## EXERCISE
Leave every picture out and print exactly the lines that run from the one containing "다 입력하시고, Test" to the end of the listing.

## DATASET SECTION
————
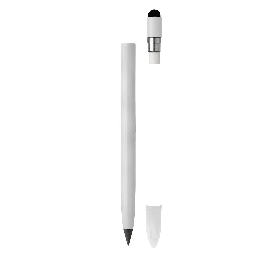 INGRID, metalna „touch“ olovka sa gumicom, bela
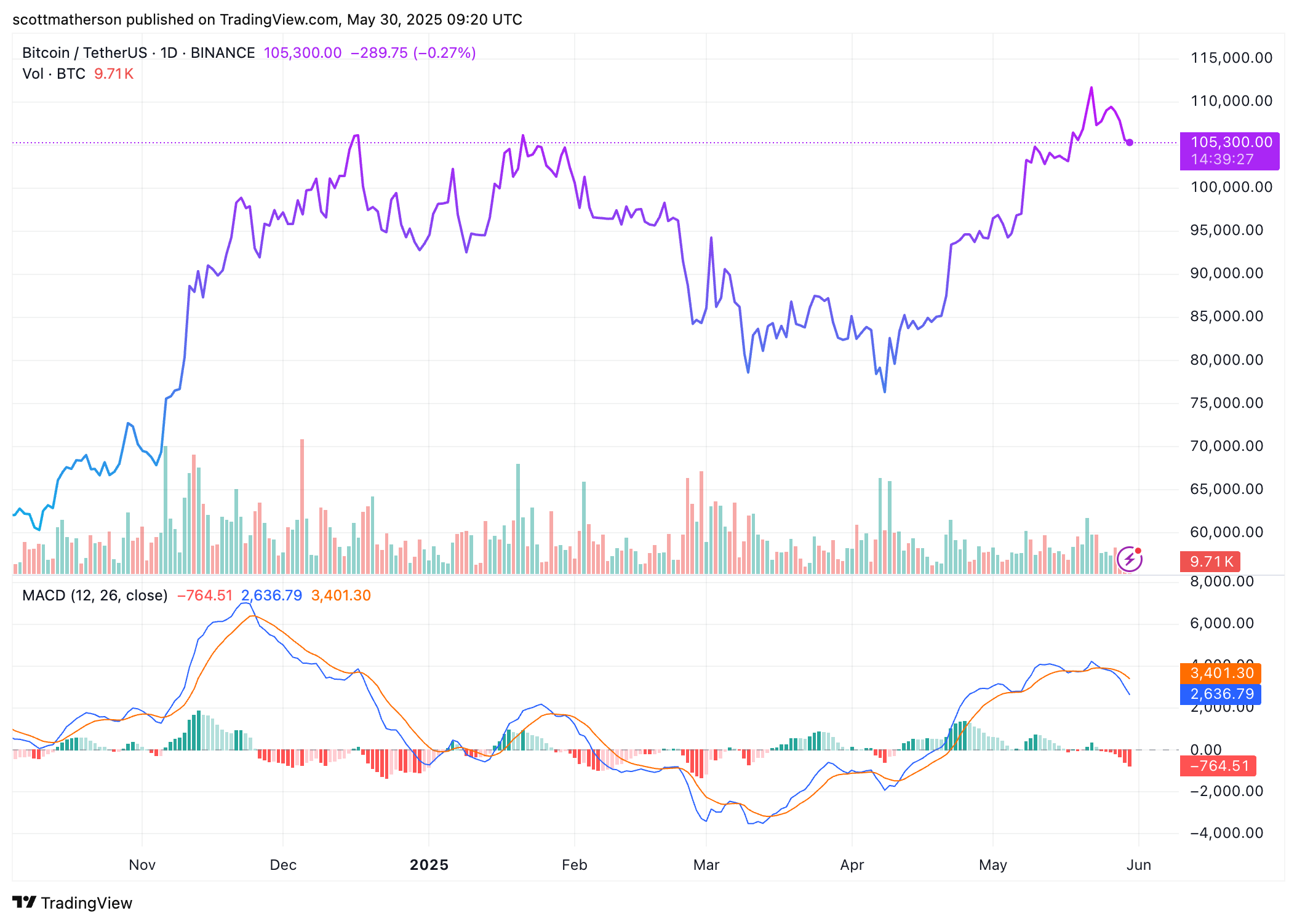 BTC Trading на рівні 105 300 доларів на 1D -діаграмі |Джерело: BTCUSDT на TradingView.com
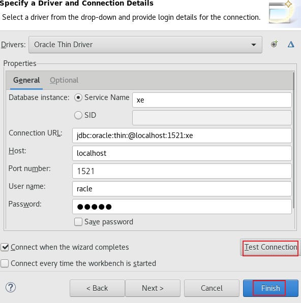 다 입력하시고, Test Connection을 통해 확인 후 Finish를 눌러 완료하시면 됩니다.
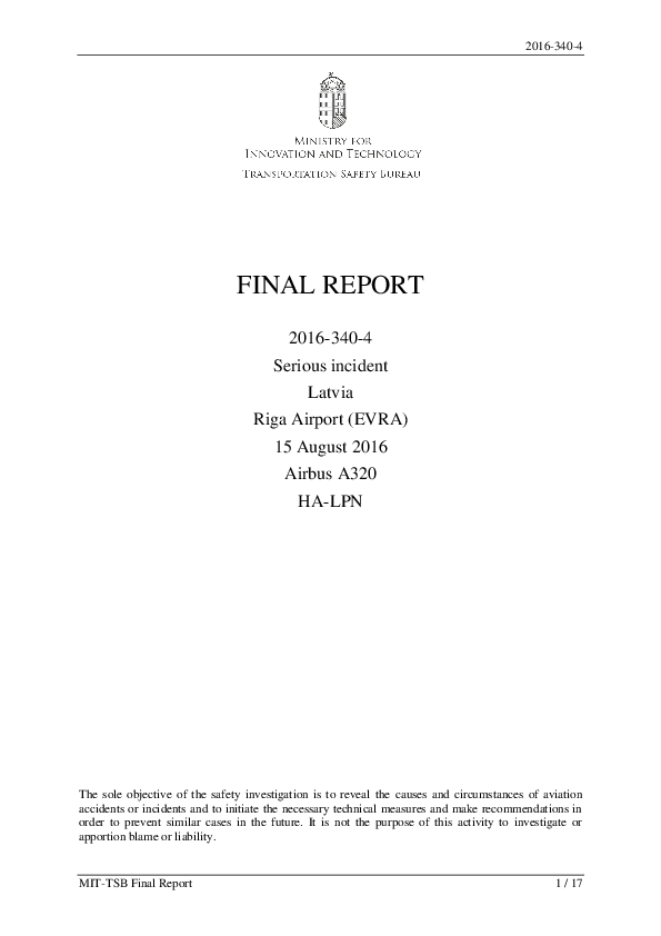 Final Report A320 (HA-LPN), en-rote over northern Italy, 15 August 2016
————
## WORKED SOLUTION
 다 입력하시고, Test Connection을 통해 확인 후 Finish를 눌러 완료하시면 됩니다.
 Final Report A320 (HA-LPN), en-rote over northern Italy, 15 August 2016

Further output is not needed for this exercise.